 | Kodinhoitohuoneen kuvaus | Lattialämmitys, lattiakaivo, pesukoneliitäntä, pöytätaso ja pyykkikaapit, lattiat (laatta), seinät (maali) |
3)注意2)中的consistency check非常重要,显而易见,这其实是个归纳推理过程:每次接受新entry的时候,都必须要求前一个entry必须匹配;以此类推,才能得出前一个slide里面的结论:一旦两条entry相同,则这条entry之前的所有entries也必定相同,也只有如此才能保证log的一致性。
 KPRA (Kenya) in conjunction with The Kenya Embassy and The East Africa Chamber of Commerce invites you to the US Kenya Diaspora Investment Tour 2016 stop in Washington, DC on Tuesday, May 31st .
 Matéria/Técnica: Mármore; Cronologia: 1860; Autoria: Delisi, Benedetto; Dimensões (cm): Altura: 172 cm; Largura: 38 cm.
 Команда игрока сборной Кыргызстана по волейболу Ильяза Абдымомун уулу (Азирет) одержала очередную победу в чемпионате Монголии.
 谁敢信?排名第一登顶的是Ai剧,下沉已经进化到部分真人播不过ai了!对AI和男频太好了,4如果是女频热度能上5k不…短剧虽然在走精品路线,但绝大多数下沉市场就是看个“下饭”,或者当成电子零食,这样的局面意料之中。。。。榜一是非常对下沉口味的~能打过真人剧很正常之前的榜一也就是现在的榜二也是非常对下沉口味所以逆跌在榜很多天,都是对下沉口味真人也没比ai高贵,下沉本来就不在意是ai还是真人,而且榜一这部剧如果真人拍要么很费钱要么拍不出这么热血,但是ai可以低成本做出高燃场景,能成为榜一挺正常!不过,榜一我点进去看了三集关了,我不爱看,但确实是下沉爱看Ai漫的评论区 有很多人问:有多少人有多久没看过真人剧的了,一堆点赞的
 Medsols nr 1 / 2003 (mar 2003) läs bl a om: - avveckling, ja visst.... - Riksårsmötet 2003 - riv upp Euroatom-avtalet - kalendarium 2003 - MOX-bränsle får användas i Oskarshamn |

============================================================

> _EXERCISE PROMPT_:
Answer by repeating every line of the listing exactly.

> _SOLVED PROBLEM_:
 | Kodinhoitohuoneen kuvaus | Lattialämmitys, lattiakaivo, pesukoneliitäntä, pöytätaso ja pyykkikaapit, lattiat (laatta), seinät (maali) |
3)注意2)中的consistency check非常重要,显而易见,这其实是个归纳推理过程:每次接受新entry的时候,都必须要求前一个entry必须匹配;以此类推,才能得出前一个slide里面的结论:一旦两条entry相同,则这条entry之前的所有entries也必定相同,也只有如此才能保证log的一致性。
 KPRA (Kenya) in conjunction with The Kenya Embassy and The East Africa Chamber of Commerce invites you to the US Kenya Diaspora Investment Tour 2016 stop in Washington, DC on Tuesday, May 31st .
 Matéria/Técnica: Mármore; Cronologia: 1860; Autoria: Delisi, Benedetto; Dimensões (cm): Altura: 172 cm; Largura: 38 cm.
 Команда игрока сборной Кыргызстана по волейболу Ильяза Абдымомун уулу (Азирет) одержала очередную победу в чемпионате Монголии.
 谁敢信?排名第一登顶的是Ai剧,下沉已经进化到部分真人播不过ai了!对AI和男频太好了,4如果是女频热度能上5k不…短剧虽然在走精品路线,但绝大多数下沉市场就是看个“下饭”,或者当成电子零食,这样的局面意料之中。。。。榜一是非常对下沉口味的~能打过真人剧很正常之前的榜一也就是现在的榜二也是非常对下沉口味所以逆跌在榜很多天,都是对下沉口味真人也没比ai高贵,下沉本来就不在意是ai还是真人,而且榜一这部剧如果真人拍要么很费钱要么拍不出这么热血,但是ai可以低成本做出高燃场景,能成为榜一挺正常!不过,榜一我点进去看了三集关了,我不爱看,但确实是下沉爱看Ai漫的评论区 有很多人问:有多少人有多久没看过真人剧的了,一堆点赞的
 Medsols nr 1 / 2003 (mar 2003) läs bl a om: - avveckling, ja visst.... - Riksårsmötet 2003 - riv upp Euroatom-avtalet - kalendarium 2003 - MOX-bränsle får användas i Oskarshamn |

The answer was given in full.